AIM OF THE EXERCISE: Wherever a picture appears in the data below, omit it, and restate everything else word for word.

• • •

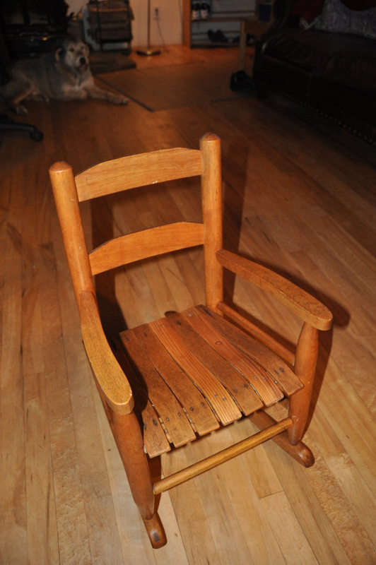 Once upon a time, it belonged to a boy. His dad was Chuck and his mom was Susan. Chuck is a Vietnam vet and Susan has been his sweetheart since seventh grade. In their garage sleeps an R60 BMW. Chuck inherited it from his pop, and takes it out for a ride every New Year’s Day. He’ll never give up that bike, but after his boy didn’t fit into it anymore, Chuck passed the tiny rocker along to Pretty Wife — back in her Pretty Single Mom days — for her boy to sit in and rock.
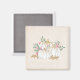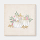 Un aimant avec de belles citrouilles blanches aquarelles avec des accents de paillettes dorées fausses. Entouré de feuilles vertes et de fleurs sauvages roses.
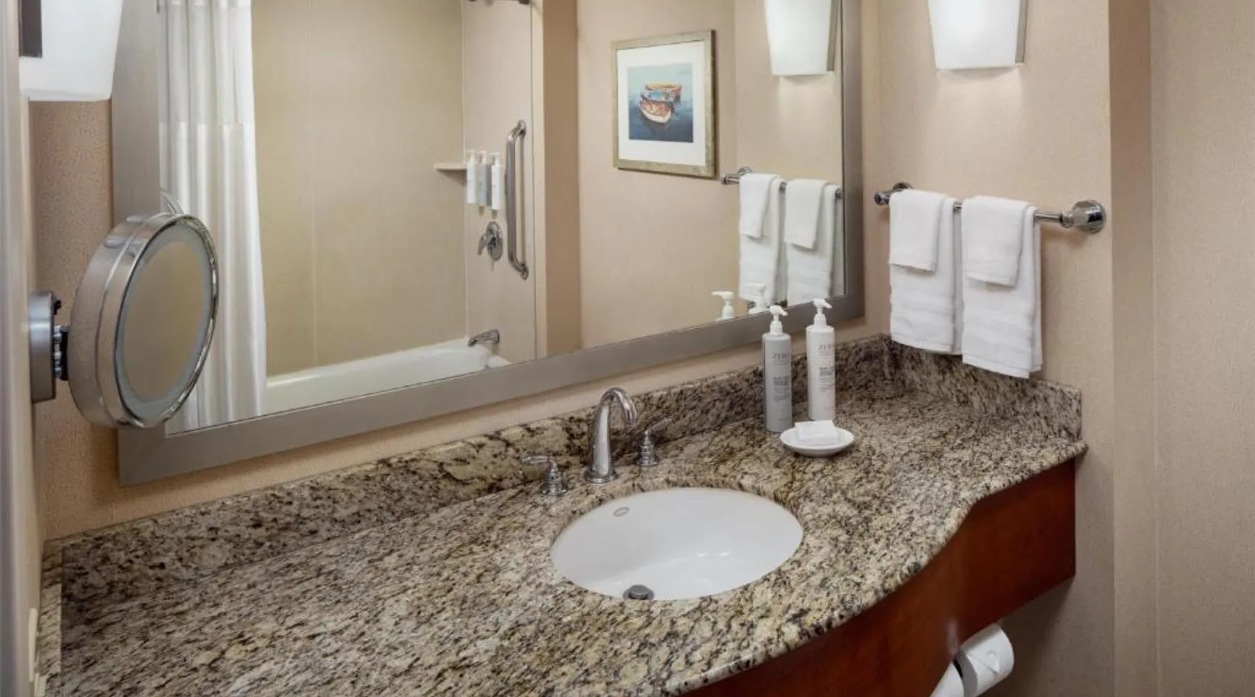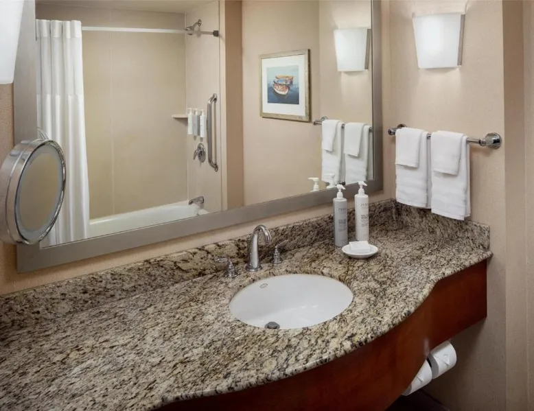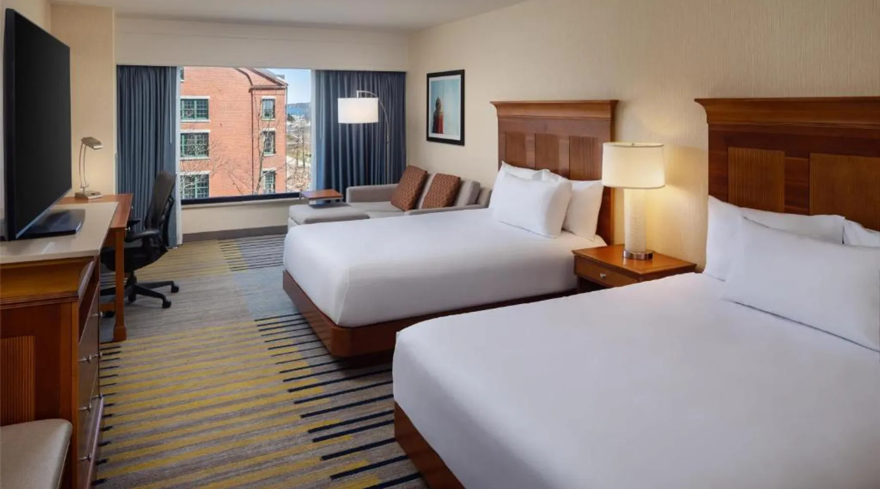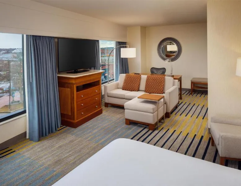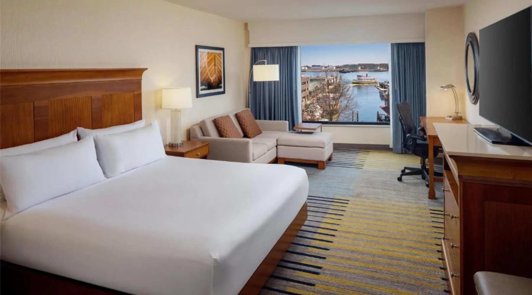 Offering views of Casco Bay and Portland, Maine's working waterfront, this hotel is just steps from attractions and activities, and features free WiFi. All guest rooms feature refrigerators, microwaves and a flat-screen cable TV. A fitness center, indoor pool and 24-hour business center are offered at this hotel. Guests can start the day with a breakfast buffet in the on-site Great American Grill. In the evening, the Lobby Bar serves dinner and room service is available. Portland Observatory and Victorian Mansion are 0.7 mi from the property, while Portland Harbor Museum is 3.5 mi away. This accessible room features a microwave, refrigerator, cable TV, and a work desk.
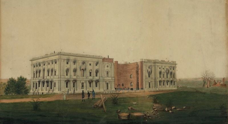 beyaz saray'ın ateşe verilmesinden sonraki halini gösteren temsili resim
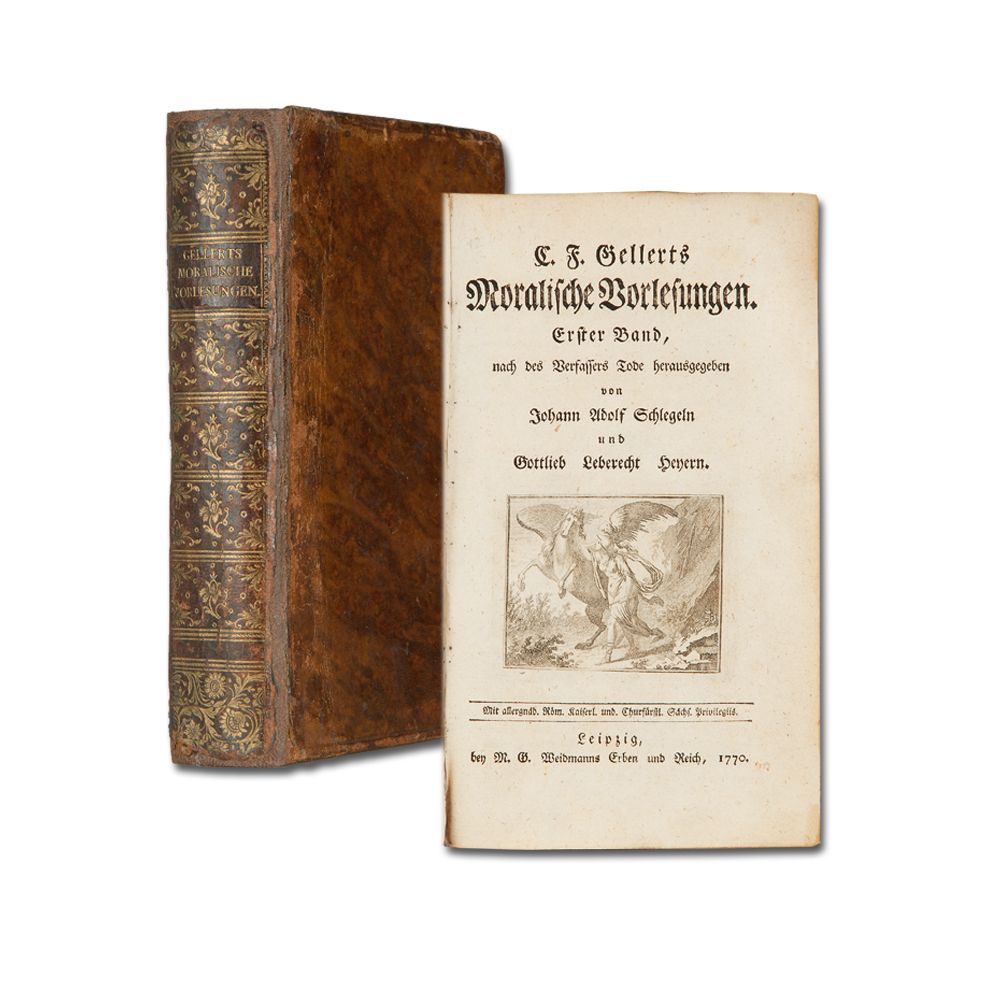GELLERT, C. F.: Moralische Vorlesungen. [...] nach des Verfassers Tode herausgegeben von Johann Adolf Schlegeln und Gottlieb Leberecht Heyern. 2 Bände in 1 Leipzig M. G. Weidmann u. Reich 1770 XXXVIII, 256 S., 1 Bl., S. 257-358; 2 Bl., S. 359-650, mit gestochener Titelvignette. Marmorierter Kalblederband der Zeit mit Rückenschild und reicher fleuraler Rückenvergoldung. Zwei Ecken bestoßen, Rücken unterlegt.

• • •

WRITTEN REPLY:
 Once upon a time, it belonged to a boy. His dad was Chuck and his mom was Susan. Chuck is a Vietnam vet and Susan has been his sweetheart since seventh grade. In their garage sleeps an R60 BMW. Chuck inherited it from his pop, and takes it out for a ride every New Year’s Day. He’ll never give up that bike, but after his boy didn’t fit into it anymore, Chuck passed the tiny rocker along to Pretty Wife — back in her Pretty Single Mom days — for her boy to sit in and rock.
 Un aimant avec de belles citrouilles blanches aquarelles avec des accents de paillettes dorées fausses. Entouré de feuilles vertes et de fleurs sauvages roses.
 Offering views of Casco Bay and Portland, Maine's working waterfront, this hotel is just steps from attractions and activities, and features free WiFi. All guest rooms feature refrigerators, microwaves and a flat-screen cable TV. A fitness center, indoor pool and 24-hour business center are offered at this hotel. Guests can start the day with a breakfast buffet in the on-site Great American Grill. In the evening, the Lobby Bar serves dinner and room service is available. Portland Observatory and Victorian Mansion are 0.7 mi from the property, while Portland Harbor Museum is 3.5 mi away. This accessible room features a microwave, refrigerator, cable TV, and a work desk.
 beyaz saray'ın ateşe verilmesinden sonraki halini gösteren temsili resim
GELLERT, C. F.: Moralische Vorlesungen. [...] nach des Verfassers Tode herausgegeben von Johann Adolf Schlegeln und Gottlieb Leberecht Heyern. 2 Bände in 1 Leipzig M. G. Weidmann u. Reich 1770 XXXVIII, 256 S., 1 Bl., S. 257-358; 2 Bl., S. 359-650, mit gestochener Titelvignette. Marmorierter Kalblederband der Zeit mit Rückenschild und reicher fleuraler Rückenvergoldung. Zwei Ecken bestoßen, Rücken unterlegt.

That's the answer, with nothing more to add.